The National Investigation Agency has registered a case in New Delhi against Kashmiri separatist leader Asiya Andrabi – the leader of the Dukhtaran-e-Millat outfit, or Daughters of Faith – for allegedly making hate speeches on media platforms, and endangering the integrity, security and sovereignty of India, Greater Kashmir quoted the agency’s Inspector General Alok Mittal as saying.

NIA’s decision came two days after the Ministry of Home Affairs ordered that fresh charges be filed against Andrabi, who was released from jail on bail in December after spending a few months in prison for alleged separatist activities. The Jammu and Kashmir High Court cancelled Andrabi’s bail earlier this month.
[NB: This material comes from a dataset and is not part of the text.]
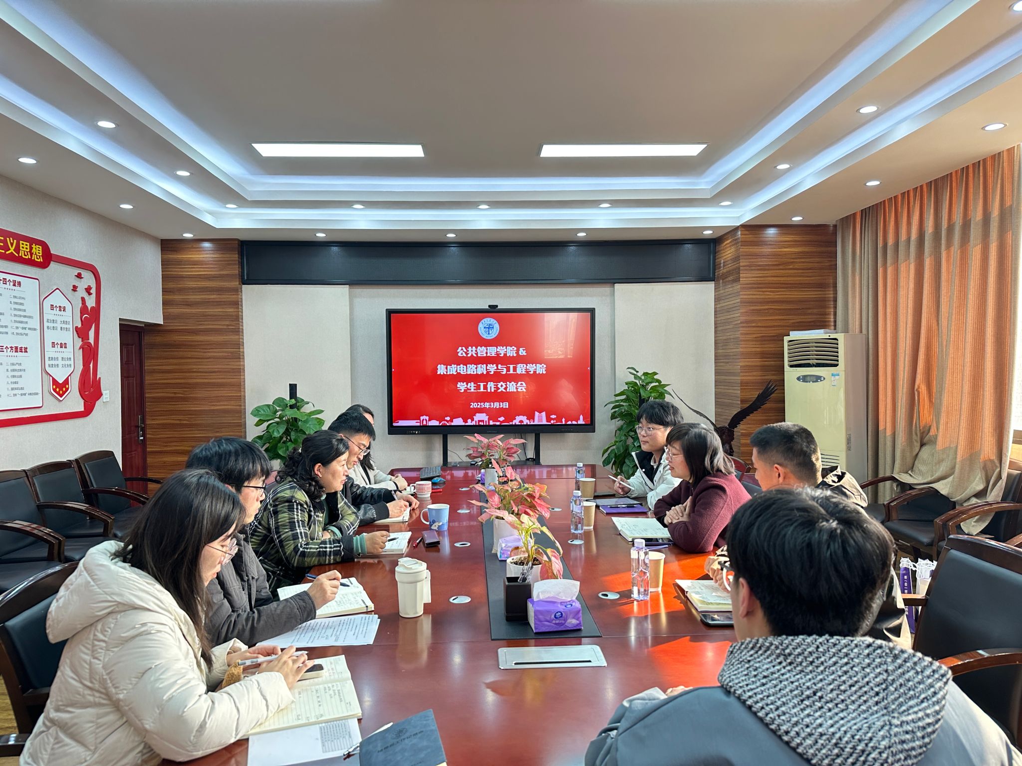 2025年3月3日下午,集成电路科学与工程公司(中车时代微电子公司)党委副书记、学工组组长王艳一行到公司进行员工工作交流,MK体育党委副书记、学工组组长薛婧,团委书记、学工组副组长莫太林以及各年级辅导员参与交流座谈。

“The central government has received information that one Asiya Andrabi and her associates, namely Sofi Fehmeeda and Nahida Nasreen, are actively running a terrorist organisation named as Dukhtaran-e-Millat which is proscribed under the First Schedule to the Unlawful Activities (Prevention) Act, 1967,” according to the First Information Report. “They are using various media platforms to spread insurrectionary imputations and hateful speeches that endanger the integrity, security and sovereignty of India.”

The agency has accused the pro-Pakistan leader and her associates of using “written and spoken words that bring into hatred and contempt apart from exciting disaffection towards the government of India”.

“DEM is promoting enmity, hatred and ill-will between different communities on the grounds of religion and is doing acts prejudicial to maintenance of harmony,” the FIR reads. “Asiya Andrabi has solicited help from proscribed militant organisations and along with her associates has entered into a criminal conspiracy to wage war against the government of India.”